Plant, cell & environment (2010-09-03)
Guillaume Queval, Danielle Jaillard, Bernd Zechmann, Graham Noctor
RESUMEN

One biochemical response to increased H₂O₂ availability is the accumulation of glutathione disulphide (GSSG), the disulphide form of the key redox buffer glutathione. It remains unclear how this potentially important oxidative stress response impacts on the different sub-cellular glutathione pools. We addressed this question by using two independent in situ glutathione labelling techniques in Arabidopsis wild type (Col-0) and the GSSG-accumulating cat2 mutant. A comparison of in situ labelling with monochlorobimane (MCB) and in vitro labelling with monobromobimane (MBB) revealed that, whereas in situ labelling of Col-0 leaf glutathione was complete within 2 h incubation, about 50% of leaf glutathione remained inaccessible to MCB in cat2. High-performance liquid chromatography (HPLC) and enzymatic assays showed that this correlated tightly with the glutathione redox state, pointing to significant in vivo pools of GSSG in cat2 that were unavailable for MCB labelling.

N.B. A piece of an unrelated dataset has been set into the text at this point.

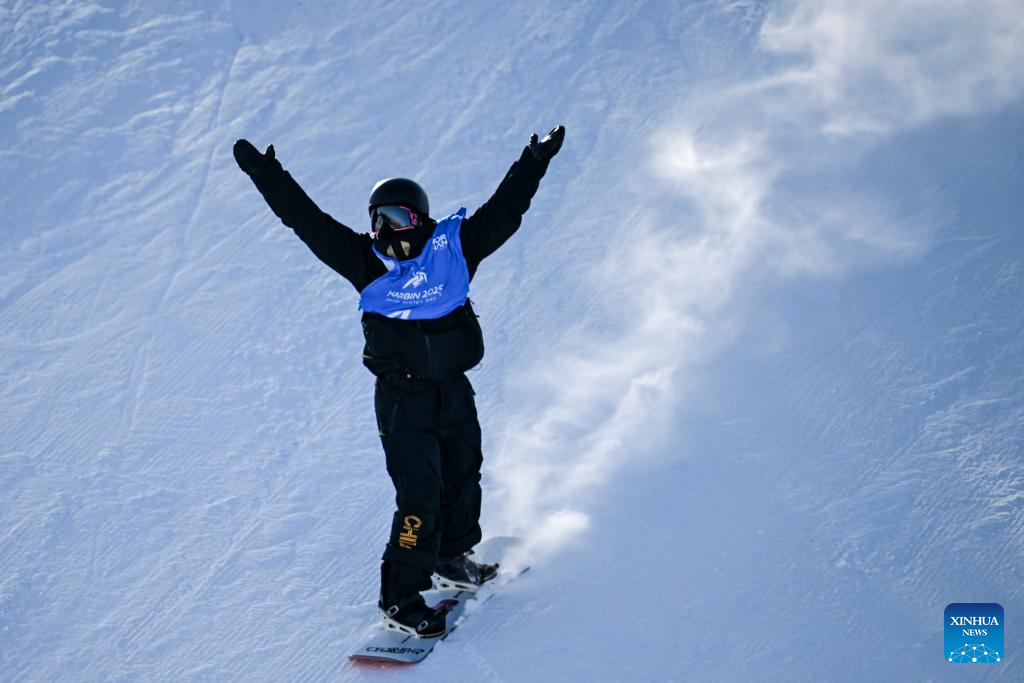 Jiang Xinjie of China competes during the men's snowboard big air final match at the 9th Asian Winter Games in Yabuli, northeast China's Heilongjiang Province, Feb. 10, 2025. (Xinhua/Mu Yu)
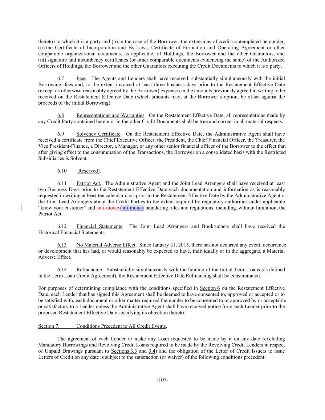 thereto) to which it is a party and (b) in the case of the Borrower, the extensions of credit contemplated hereunder, (ii) the Certificate of Incorporation and By-Laws, Certificate of Formation and Operating Agreement or other comparable organizational documents, as applicable, of Holdings, the Borrower and the other Guarantors, and (iii) signature and incumbency certificates (or other comparable documents evidencing the same) of the Authorized Officers of Holdings, the Borrower and the other Guarantors executing the Credit Documents to which it is a party. 6.7 Fees. The Agents and Lenders shall have received, substantially simultaneously with the initial Borrowing, fees and, to the extent invoiced at least three business days prior to the Restatement Effective Date (except as otherwise reasonably agreed by the Borrower) expenses in the amounts previously agreed in writing to be received on the Restatement Effective Date (which amounts may, at the Borrower’s option, be offset against the proceeds of the initial Borrowing). 6.8 Representations and Warranties. On the Restatement Effective Date, all representations made by any Credit Party contained herein or in the other Credit Documents shall be true and correct in all material respects. 6.9 Solvency Certificate. On the Restatement Effective Date, the Administrative Agent shall have received a certificate from the Chief Executive Officer, the President, the Chief Financial Officer, the Treasurer, the Vice President-Finance, a Director, a Manager, or any other senior financial officer of the Borrower to the effect that after giving effect to the consummation of the Transactions, the Borrower on a consolidated basis with the Restricted Subsidiaries is Solvent. 6.10 [Reserved]. 6.11 Patriot Act. The Administrative Agent and the Joint Lead Arrangers shall have received at least two Business Days prior to the Restatement Effective Date such documentation and information as is reasonably requested in writing at least ten calendar days prior to the Restatement Effective Date by the Administrative Agent or the Joint Lead Arrangers about the Credit Parties to the extent required by regulatory authorities under applicable “know your customer” and anti-moneyanti-money laundering rules and regulations, including, without limitation, the Patriot Act. 6.12 Financial Statements. The Joint Lead Arrangers and Bookrunners shall have received the Historical Financial Statements. 6.13 No Material Adverse Effect. Since January 31, 2015, there has not occurred any event, occurrence or development that has had, or would reasonably be expected to have, individually or in the aggregate, a Material Adverse Effect. 6.14 Refinancing. Substantially simultaneously with the funding of the Initial Term Loans (as defined in the Term Loan Credit Agreement), the Restatement Effective Date Refinancing shall be consummated. For purposes of determining compliance with the conditions specified in Section 6 on the Restatement Effective Date, each Lender that has signed this Agreement shall be deemed to have consented to, approved or accepted or to be satisfied with, each document or other matter required thereunder to be consented to or approved by or acceptable or satisfactory to a Lender unless the Administrative Agent shall have received notice from such Lender prior to the proposed Restatement Effective Date specifying its objection thereto. Section 7. Conditions Precedent to All Credit Events. The agreement of each Lender to make any Loan requested to be made by it on any date (excluding Mandatory Borrowings and Revolving Credit Loans required to be made by the Revolving Credit Lenders in respect of Unpaid Drawings pursuant to Sections 3.3 and 3.4) and the obligation of the Letter of Credit Issuers to issue Letters of Credit on any date is subject to the satisfaction (or waiver) of the following conditions precedent: -107-

Immunogold labelling of leaf sections to estimate sub-cellular glutathione distribution showed that the accumulated GSSG in cat2 was associated with only a minor increase in cytosolic glutathione but with a 3- and 10-fold increase in plastid and vacuolar pools, respectively. The data are used to estimate compartment-specific glutathione concentrations under optimal and oxidative stress conditions, and the implications for redox homeostasis and signalling are discussed.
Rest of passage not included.